◆ **Aim of the task**:
Where a picture appears, leave it out, and transcribe all the lines below exactly.

◆ **Source records**:
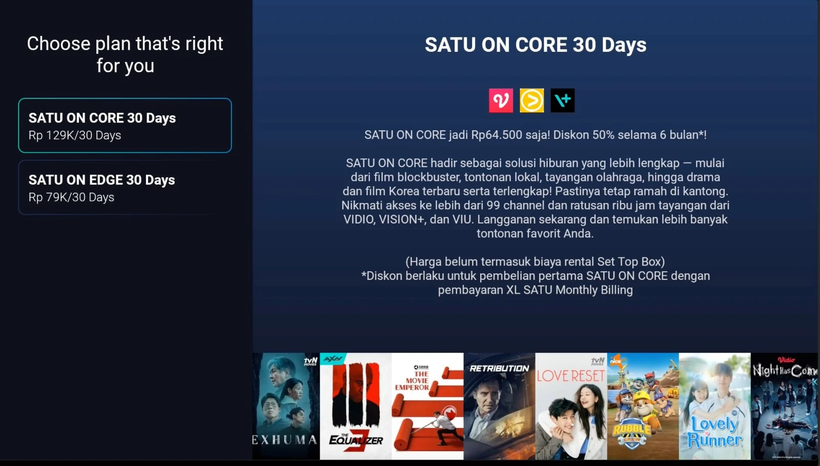 SATU ON kini hadir dengan Paket SATU ON EDGE, SATU ON CORE, dan SATU ON STELLAR dengan Add-On perangkat STB XL SATU Entertainment. Dengan biaya langganan mulai dari Rp 79.000 per bulan (belum termasuk biaya berlangganan STB), Anda dan keluarga sudah dapat menyaksikan berbagai konten di Vidio, Vision+, Viu, Disney+ atau siaran TV nasional dan internasional lainnya.
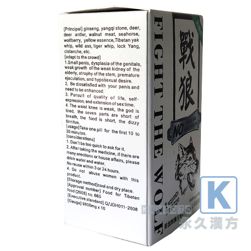 高麗人参、阳起石、枸杞子、黄精、海馬、虎鞭、牛鞭、鎖陽、肉蓯蓉など。戦狼の副作用
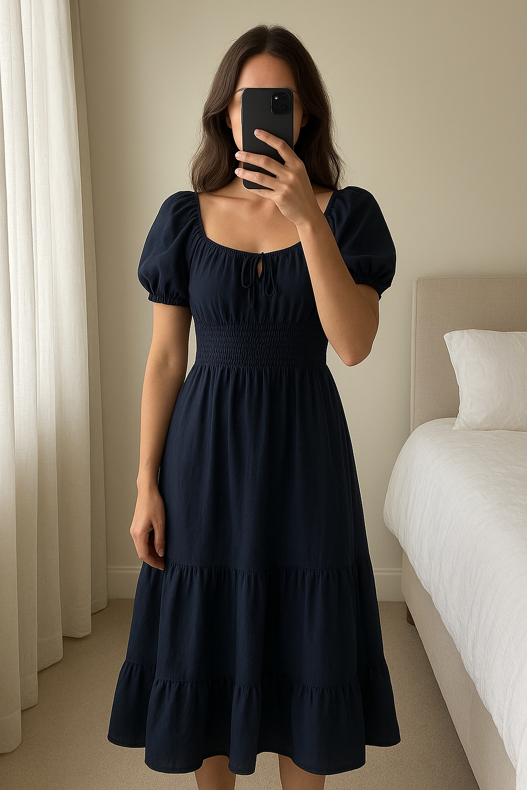 🩵 Navy Puff Sleeve Smocked Dress (XXL) standing straight facing the camera, in a softly lit bedroom setting, with gentle natural light filtering through a window.
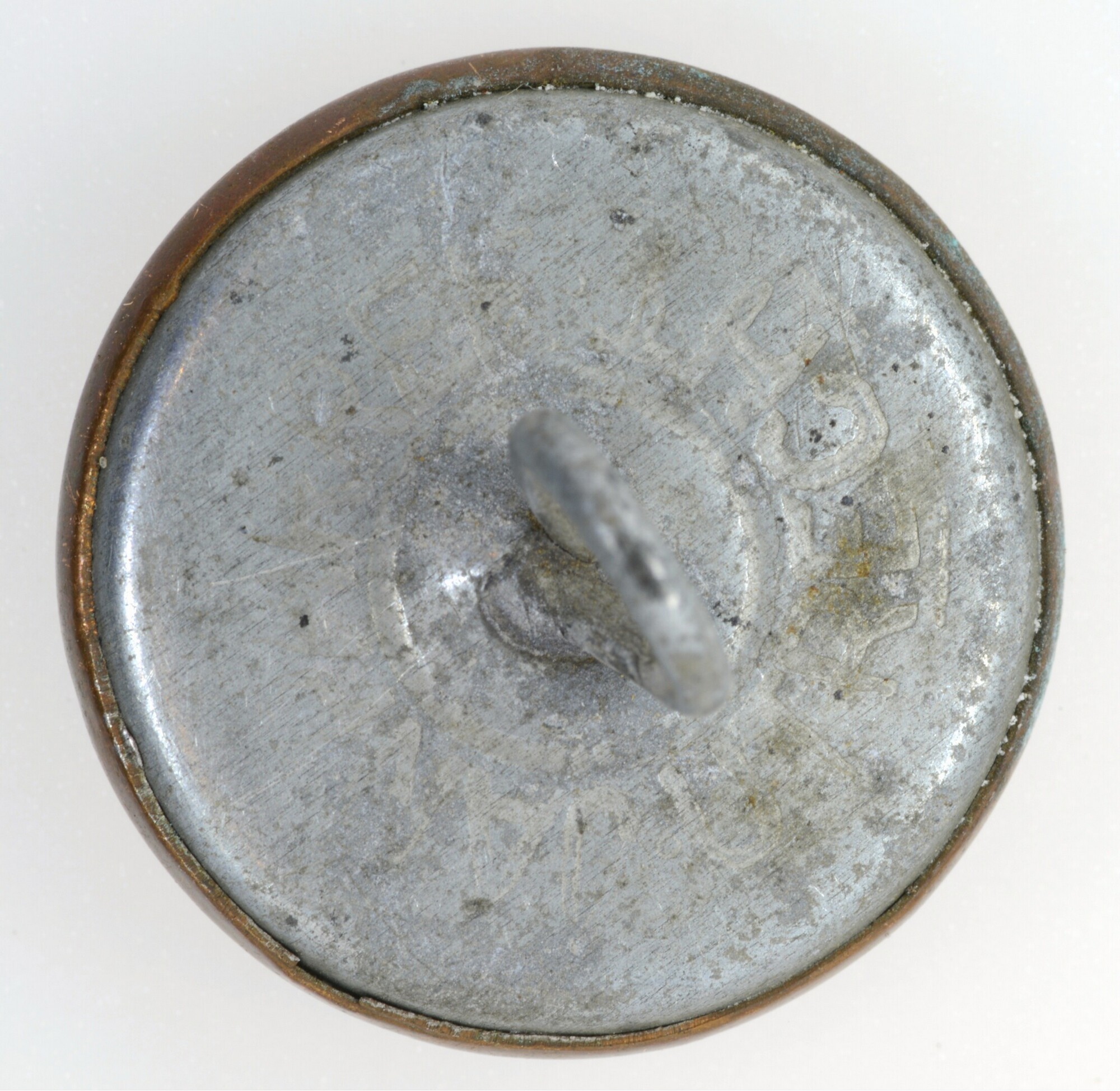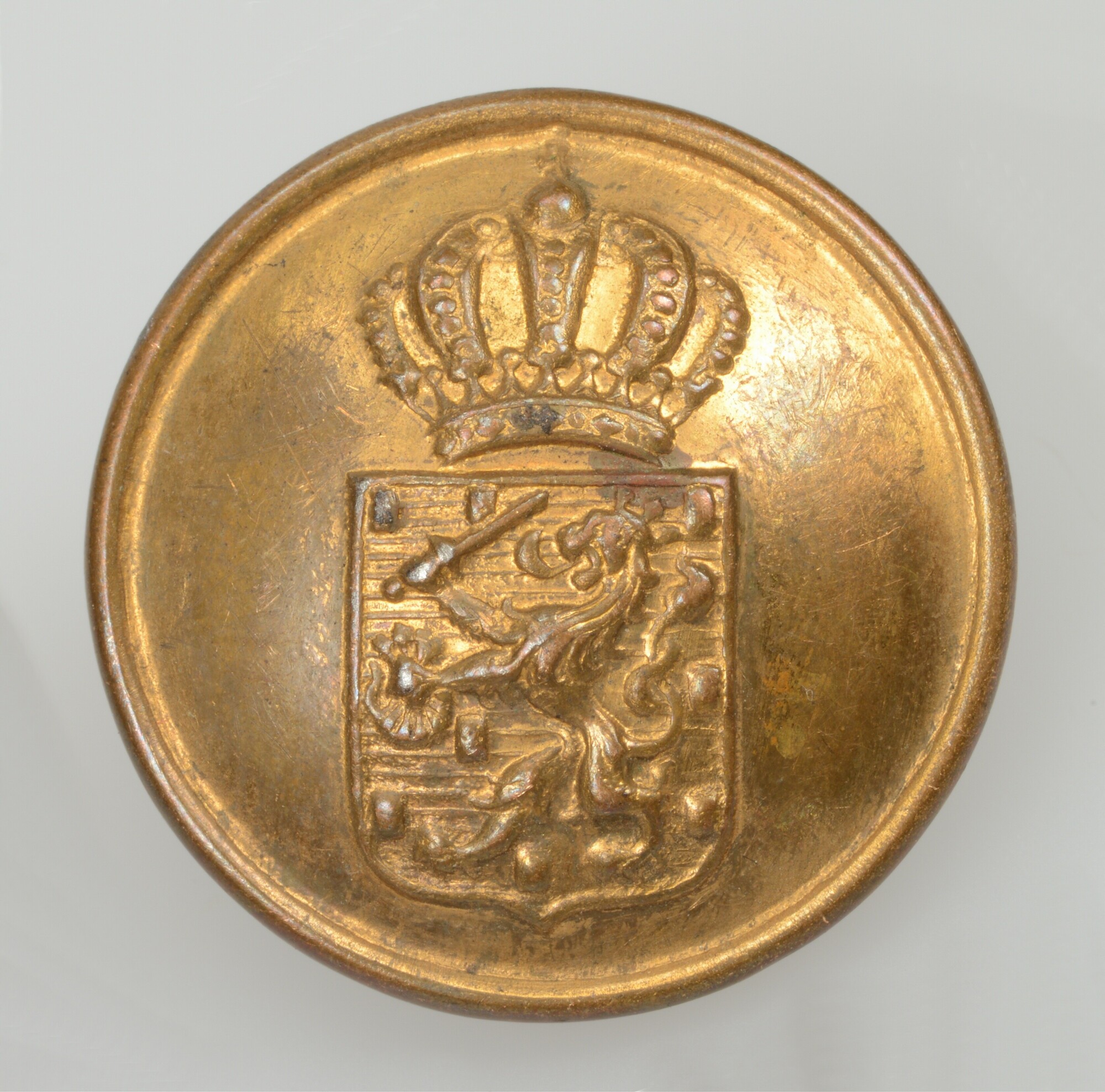 Knoop; draadoog; verguld; met aluminium achterzijde; vz: gekroond schild van het Rijkswapen; kz: JAN PARREE UT]RECH[T]; gewicht: 3.72 gram
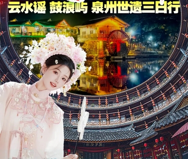 上午:抵达泉州后,首先前往【浔埔村】,这里是国家级非遗“簪花围”的发源地,免费开放,独具特色的渔乡村落,错落分布着以蚝壳筑成的“蚝壳厝”,这些以蚝壳筑成的民居在阳光下泛着珍珠光泽,是海丝文化的独特印记,也是浔埔村的标志性景致,顺济宫附近的老屋群纹理最美,触摸墙面便能感受岁月的厚重。可自由体验浔埔女“簪花围”造型(费用自理),用应季鲜花盘出独具特色的“头上花园”,搭配闽南特色服饰,在蚝壳厝小巷、渔港码头打卡拍照,下午4点后渔船归港,海面金黄一片,拍照氛围感封神,还能漫步渔村,感受原生态的渔家生活气息,解锁闽南渔家风情大片,沉浸式感受海丝文化下的渔家韵味。
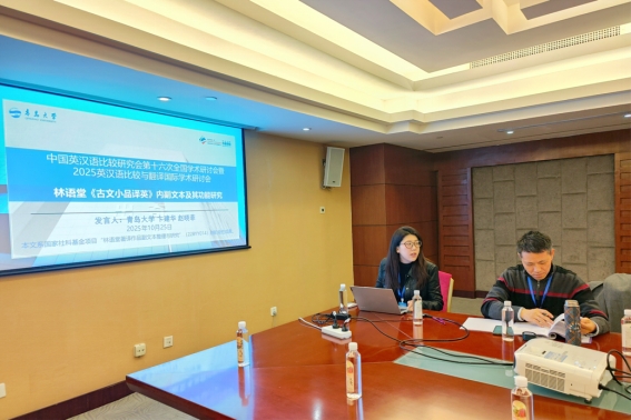 “中国英汉语比较研究会第十六次全国学术研讨会暨2025英汉语比较与翻译学术研讨会”由中国英汉语比较研究会主办,全国新文科教育研究中心、山东大学外国语学院承办。不同研究领域的学者在英汉语言对比、翻译研究及中西文化对比三大板块之下,共同探讨外语学科的时代新使命以及新文科背景下外语学科的交叉融合与实践创新。我院师生积极参与此次学术研讨会,同与会专家学者深入交流最新研究进展,并与我院2022届校友上海大学在读博士贾楠同学见面交流,积极宣传了我院教学与研究成果
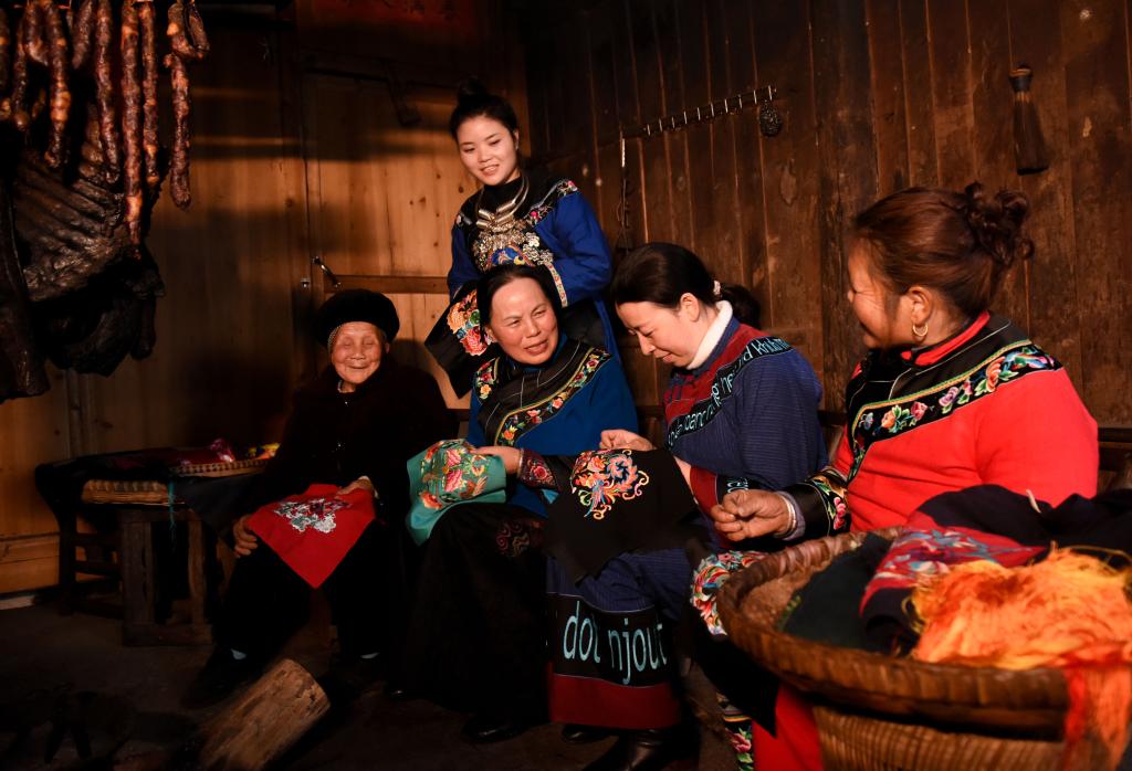 石麗平(右三)和繡娘們切磋交流苗繡技藝。新華社發(fā)(龍元彬攝)
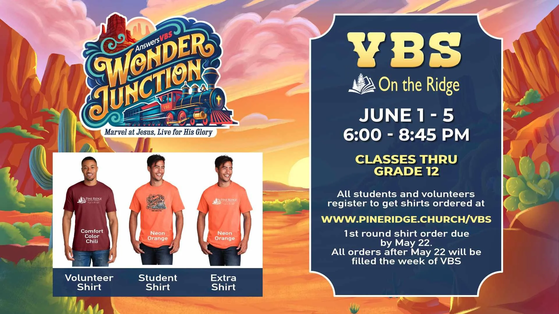 In order to guarantee a T-shirt prior to VBS, register by May 22nd. All orders after May 22nd will be delivered during the week of VBS.
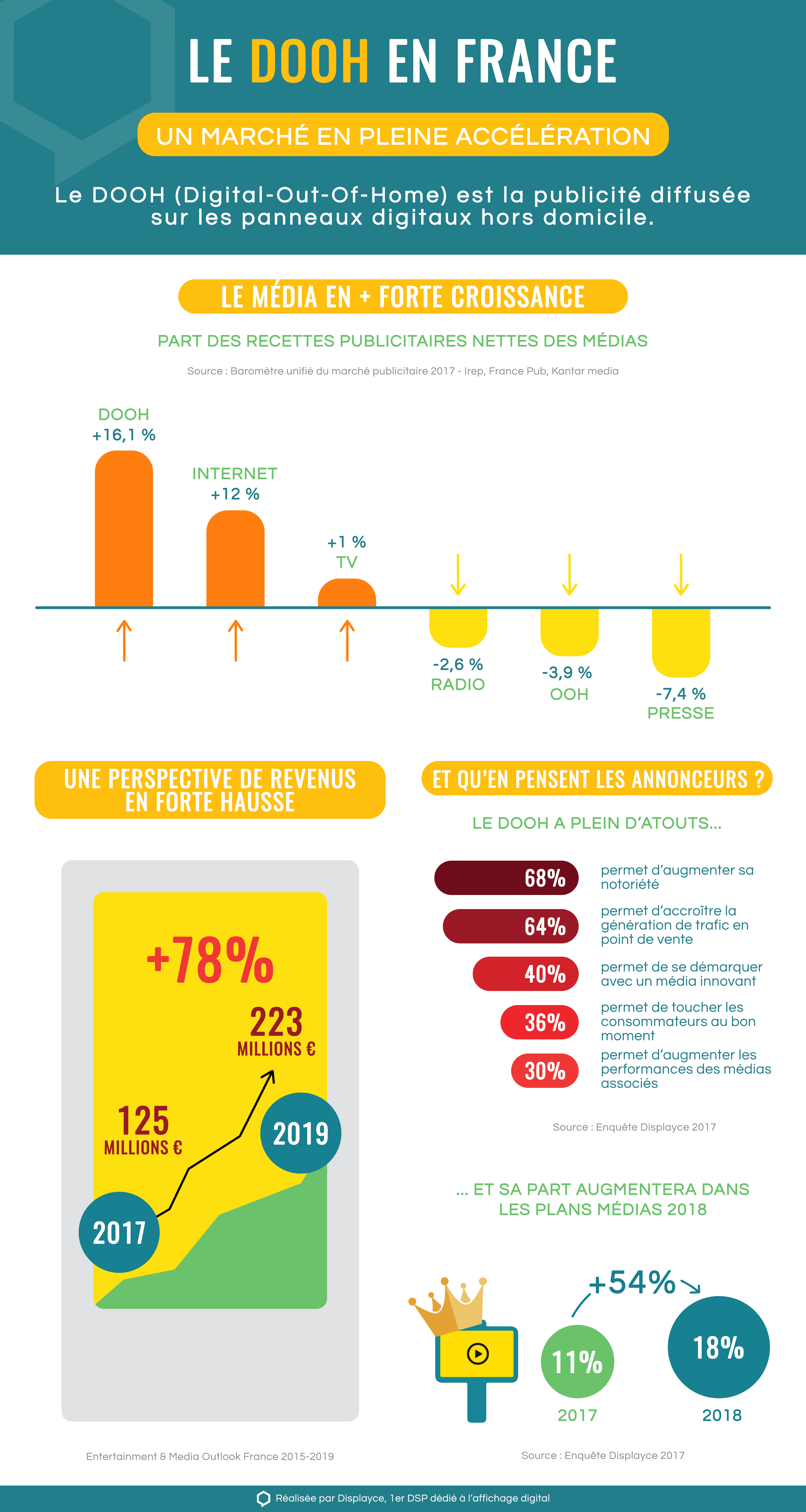 Ces quelques chiffres démontrent que le DOOH est le média avec la plus forte croissance en 2017. Il enregistre une augmentation de 16,1% de part de recettes publicitaires nettes, mais aussi des perspectives de revenus en forte hausse. Ces éléments encourageants en font un format apprécié des annonceurs qui, pour 68% d’entre eux, déclarent que le DOOH permet d’augmenter leur notoriété.

◆ **Written response**:
 SATU ON kini hadir dengan Paket SATU ON EDGE, SATU ON CORE, dan SATU ON STELLAR dengan Add-On perangkat STB XL SATU Entertainment. Dengan biaya langganan mulai dari Rp 79.000 per bulan (belum termasuk biaya berlangganan STB), Anda dan keluarga sudah dapat menyaksikan berbagai konten di Vidio, Vision+, Viu, Disney+ atau siaran TV nasional dan internasional lainnya.
 高麗人参、阳起石、枸杞子、黄精、海馬、虎鞭、牛鞭、鎖陽、肉蓯蓉など。戦狼の副作用
 🩵 Navy Puff Sleeve Smocked Dress (XXL) standing straight facing the camera, in a softly lit bedroom setting, with gentle natural light filtering through a window.
 Knoop; draadoog; verguld; met aluminium achterzijde; vz: gekroond schild van het Rijkswapen; kz: JAN PARREE UT]RECH[T]; gewicht: 3.72 gram
 上午:抵达泉州后,首先前往【浔埔村】,这里是国家级非遗“簪花围”的发源地,免费开放,独具特色的渔乡村落,错落分布着以蚝壳筑成的“蚝壳厝”,这些以蚝壳筑成的民居在阳光下泛着珍珠光泽,是海丝文化的独特印记,也是浔埔村的标志性景致,顺济宫附近的老屋群纹理最美,触摸墙面便能感受岁月的厚重。可自由体验浔埔女“簪花围”造型(费用自理),用应季鲜花盘出独具特色的“头上花园”,搭配闽南特色服饰,在蚝壳厝小巷、渔港码头打卡拍照,下午4点后渔船归港,海面金黄一片,拍照氛围感封神,还能漫步渔村,感受原生态的渔家生活气息,解锁闽南渔家风情大片,沉浸式感受海丝文化下的渔家韵味。
 “中国英汉语比较研究会第十六次全国学术研讨会暨2025英汉语比较与翻译学术研讨会”由中国英汉语比较研究会主办,全国新文科教育研究中心、山东大学外国语学院承办。不同研究领域的学者在英汉语言对比、翻译研究及中西文化对比三大板块之下,共同探讨外语学科的时代新使命以及新文科背景下外语学科的交叉融合与实践创新。我院师生积极参与此次学术研讨会,同与会专家学者深入交流最新研究进展,并与我院2022届校友上海大学在读博士贾楠同学见面交流,积极宣传了我院教学与研究成果
 石麗平(右三)和繡娘們切磋交流苗繡技藝。新華社發(fā)(龍元彬攝)
 In order to guarantee a T-shirt prior to VBS, register by May 22nd. All orders after May 22nd will be delivered during the week of VBS.
 Ces quelques chiffres démontrent que le DOOH est le média avec la plus forte croissance en 2017. Il enregistre une augmentation de 16,1% de part de recettes publicitaires nettes, mais aussi des perspectives de revenus en forte hausse. Ces éléments encourageants en font un format apprécié des annonceurs qui, pour 68% d’entre eux, déclarent que le DOOH permet d’augmenter leur notoriété.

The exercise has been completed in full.